Оставив все, что не удалось перевести в наличные, на незадачливого управляющего своего Владимира Лонгиновича.
Бабка ехала рядом с возничим на переднем возу, статная, двадцатитрехлетняя, сама как будто бы из только что сбитого, нежного, телесно-медового цвета, степного коровьего масла и вылепленная. Дед же замыкал обоз: присматривал, наверное, с арапником. И за маслом, и не только за ним.
Перепоручил недораспроданное имущество свое князь Шан-Гирей Владимиру Лонгиновичу, да юная бабка моя Александра, видать, и тут вожжи перехватила.
Крепко задуматься надо было бы деду, прежде чем соглашаться на такое повышение. И не только о грядушей революции.
Арапник подлиннее надо было бы деду иметь.

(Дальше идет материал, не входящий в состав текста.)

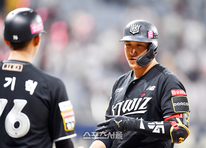 KT 6번타자 황재균이 16일 고척스카이돔에서 열린 2024프로야구 키움히어로즈와 KT위즈의 경기 2회초 무사 1루에서 안타로 출루하고 있다. 2024.04.16. 고척 | 강영조기자 kanjo@sportsseoul.com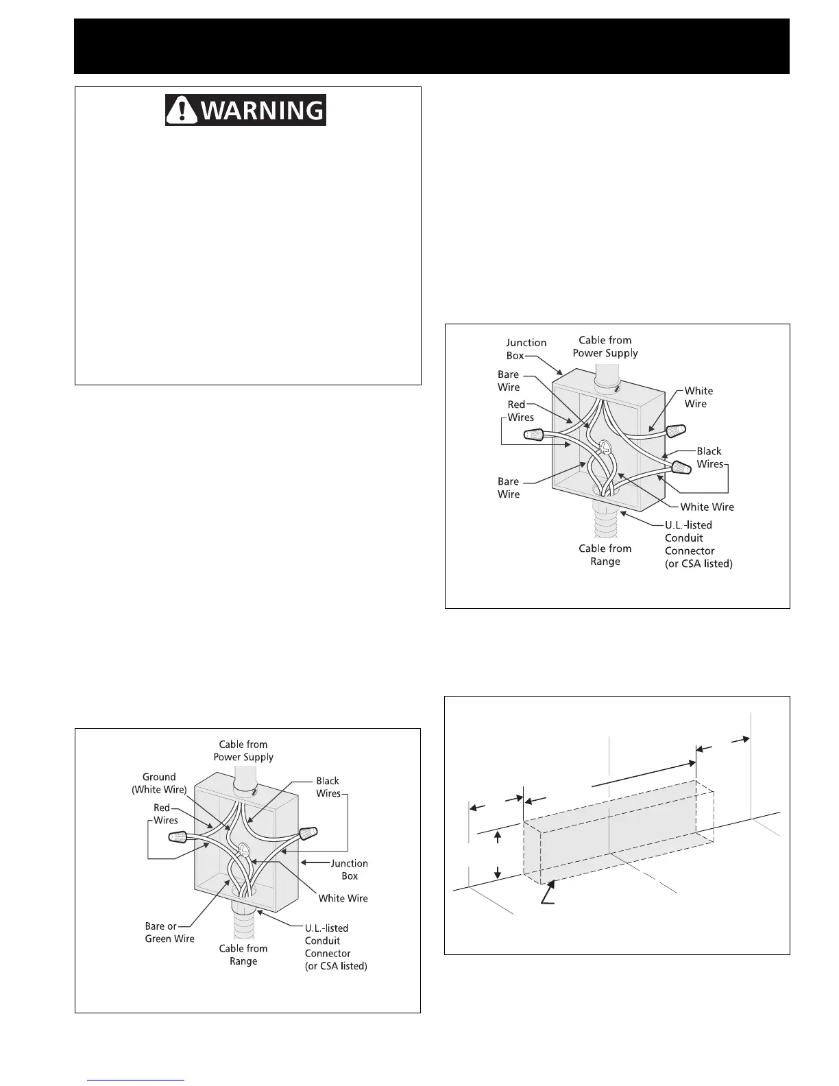 For appliances connected to a junction box, use U.L.-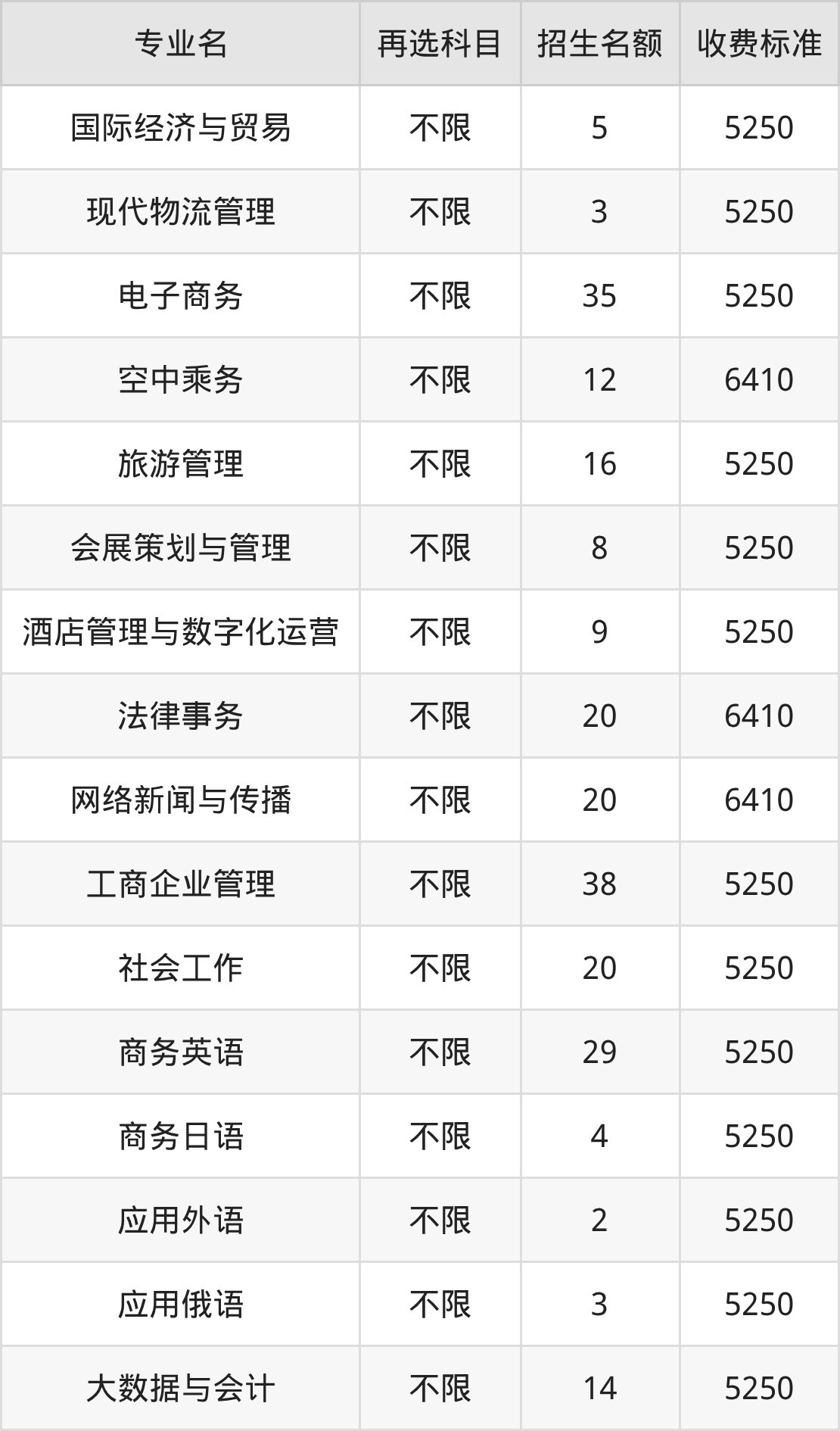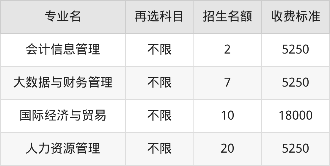 | 专科高职批 | 历史 | 国际经济与贸易 | 10 |

Я застал в живых двух родных сестер бабушки Александры: Марию и Ельку. Мария постарше, бабушка Елька же самая младшая. Мария исключительно положительная, полная, правда, с худыми девическими щиколотками. Чуть набрякшие веки на правильном русском лице, полушалок «домиком». Жила она, как и младшая сестра, в соседнем, через бугор, пойменном селе. Жила по тем временам зажиточно: имела большой, полого спускавшийся к обводной канаве сад, за которым искусно и неустанно ходил ее муж, деревенский плотник Константин Петрович Брихунцов — фамилия, конечно, чеховская, но, увы, не с чужого плеча. Ишачка имела, на котором дед Брихунец (его так и звали, несмотря на природную неразговорчивость, в селе) разъезжал по окрестным, преимущественно степным, безводным селам, продавал со своей ишачьей тележки первые фрукты и даже виноград: тяжелый, ароматный, цвета темной, медной кумской воды, мускат. И к нам доезжал и тогда брал в свою тележку, довесочком, и меня. Правда, не на продажу — да и кто б купил меня при том разнообразии мичуринских достижений, что выставлены, как на передвижной ВДНХ, в дедовом шарабане. Такого добра, как я, в каждом дворе с избытком, оно-то, в отличие от яблок-виноградов, в степной стороне родило исправно. Не на продажу, а как бы его помощником. Я гоголем (пока еще не Николаем Васильевичем) проезжал в задке дедовой телеги по родному селу, помогал считать ему мятые рубли и трояки (более крупных купюр в селе, пожалуй, не водилось) и исподтишка за дедовой сухой спиной бросал пацанве то яблоко, то грушу, то сливу «грамлёд», а то и кисть винограду, ловимую в молитвенно, молча прижатые к груди горсти.
Дед Брихунец — рябой, сухой, с квадратной и всегда коротко, как у каторжного, стриженой под машинку головой, крепко и крупно высоленной сединою, и очень мастеровит: все в доме сделано его рябыми, с твердыми плоскими пальцами, руками. И сами деревья в саду, под которыми он колдовал с ранней весны до глубокой осени, казались сделанными, как дети, им же.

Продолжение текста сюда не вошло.